Methods: We assessed the immunohistochemical expression of both membranous and cytoplasmic claudins 3, 4 and 7 in a series of 197 non-metastatic breast cancers, enriched with triple-negative breast cancers (TNBCs; 60%). The expression of epithelial-to-mesenchymal transition-regulating transcription factors Sip1, Zeb1 and vimentin had previously been determined in the same material.

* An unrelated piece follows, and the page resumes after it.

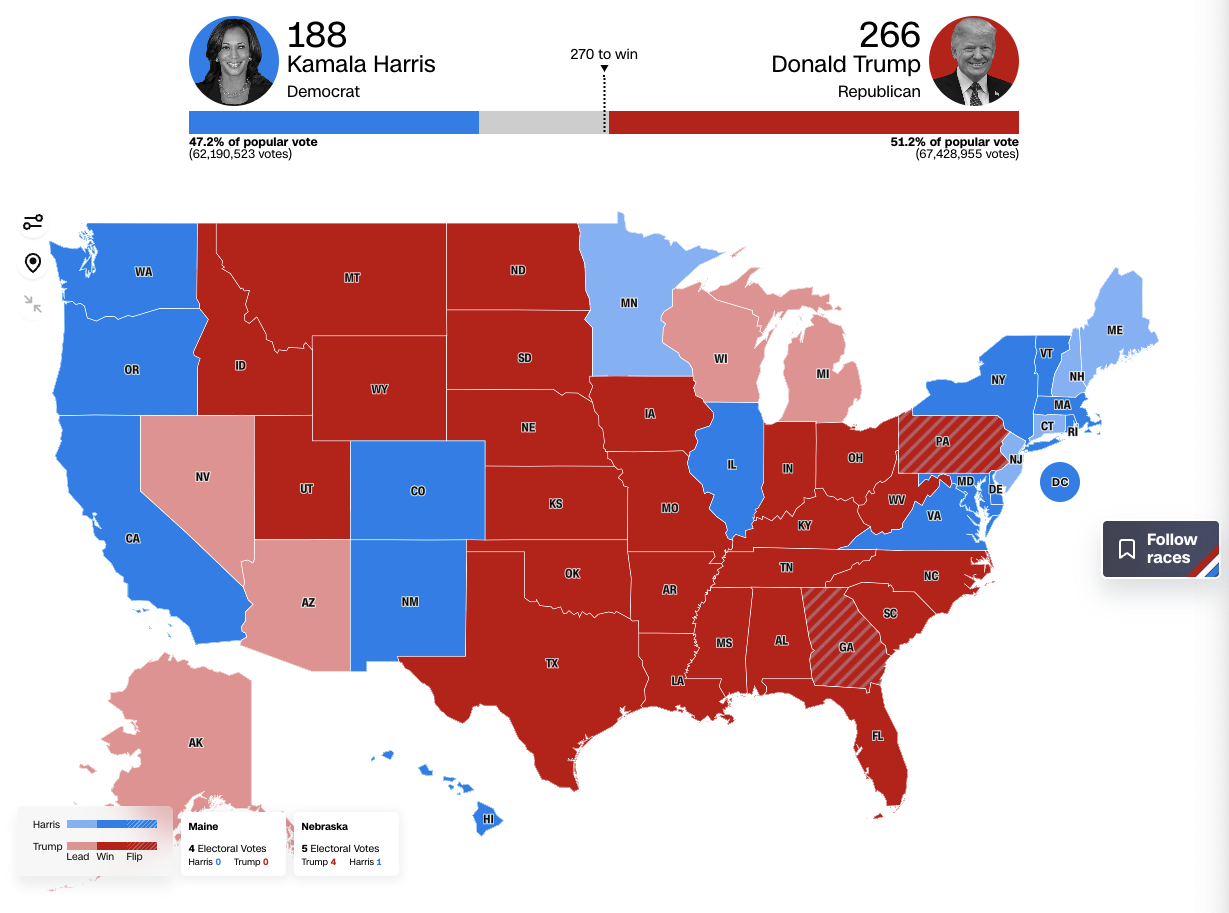 Với tỷ lệ đếm phiếu tới 95%, ông Trump đang dẫn khá cao trước Kamala Harris. Khả năng bà Harris khó có thể đảo ngược tình thế. Như vậy ông đã đạt được 266 phiếu, chỉ cần thêm 4 phiếu nữa là thắng cử, khả năng lớn nếu thắng ở Arizona, Alaska nữa thì gần như 100% ông Trump đắc cử nơi mà hiện đang dẫn cũng khá cao.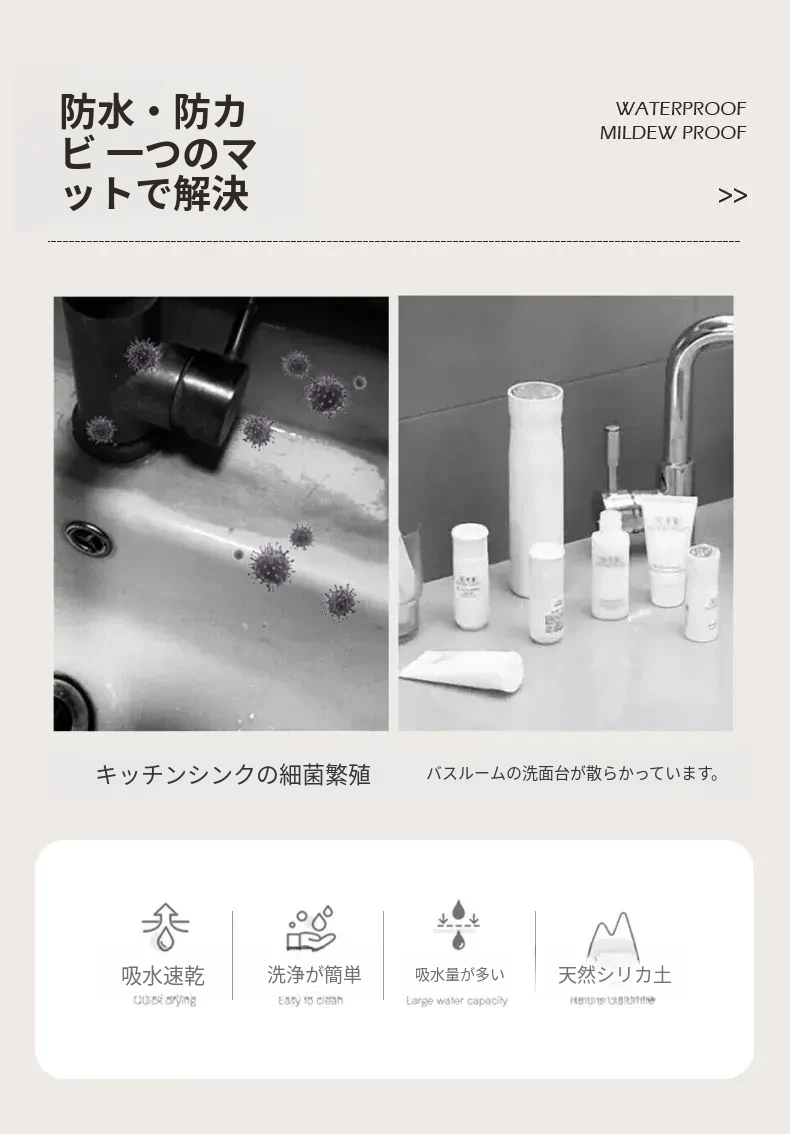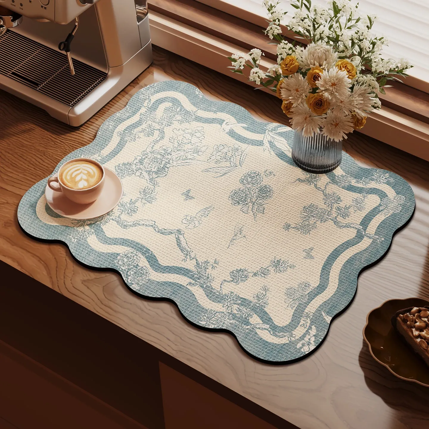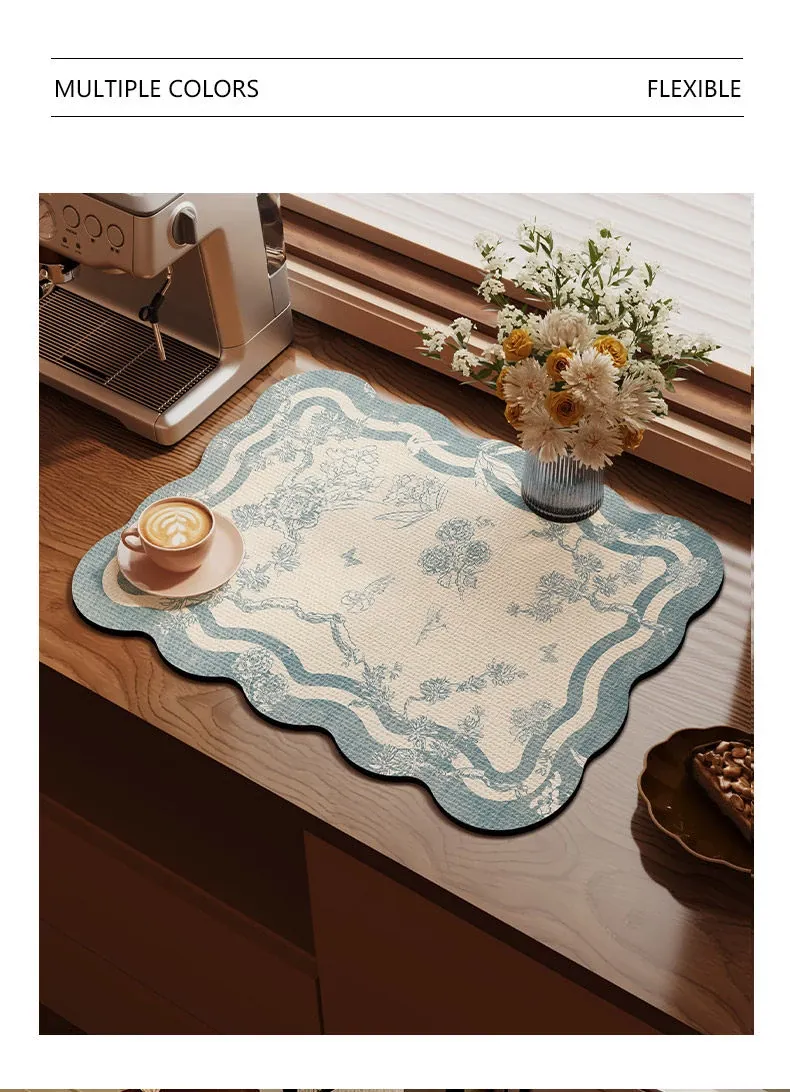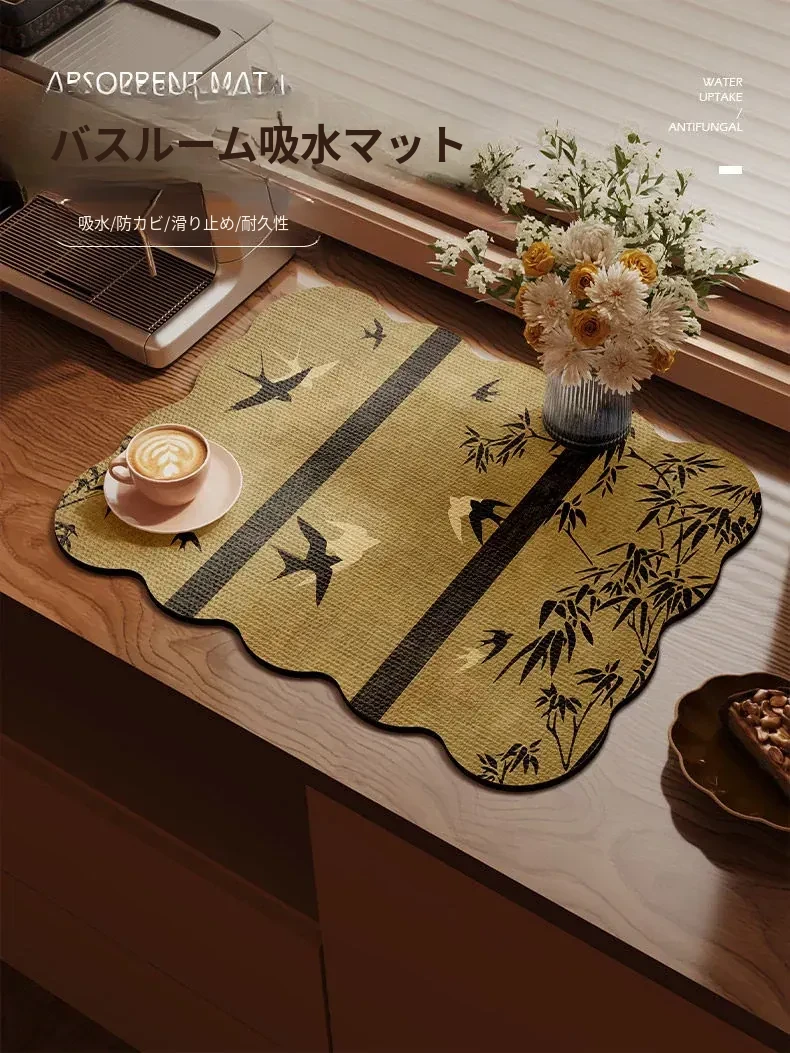 新中式キッチン用吸水マット - シリカゲル製の耐熱・防水マット、カウンタートップ保護、コーヒーメーカー専用、スタイリッシュなデザインでキッチンを美しく!

Results: In multivariate analysis, strong cytoplasmic claudin 3 expression was associated with poor relapse-free survival (RFS), disease-free survival, distant disease-free survival, breast cancer-specific survival and overall survival among TNBC patients (for RFS, RR 5.202, 95% CI 1.210–22.369, p = 0.027, vs. T-class, RR 0.663, 95% CI 0.168–2.623, p = 0.558, and N-class, RR 3.940, 95% CI 0.933–16.631, p = 0.062). Cytoplasmic claudin 3 expression was also associated with strong nuclear Sip1 expression (p = 0.000053), TNBC phenotype (p = 0.012) and within them, non-basal-like phenotype (p = 0.026). Cytoplasmic claudin 7 was associated with dismal RFS (RR 6.328, 95% CI 1.401–28.593, p = 0.016, vs. T-class, RR 0.692, 95% CI 0.242–1.982, p = 0.493, and N-class, RR 2.981, 95% CI 1.1016–8.749, p = 0.047). Low cytoplasmic expression of claudins 3, 4 and 7 together also predicted poor RFS (RR 6.070, 95% CI 1.347–27.363, p = 0.019, vs. T-class, RR 0.677, 95% CI 0.237–1.934, p = 0.467, and N-class, RR 3.167, 95% CI 1.079–9.290, p = 0.036).
Conclusions: Immunohistochemical expression levels of cytoplasmic claudins 3 and 7 appear to be novel prognostic factors in TNBC.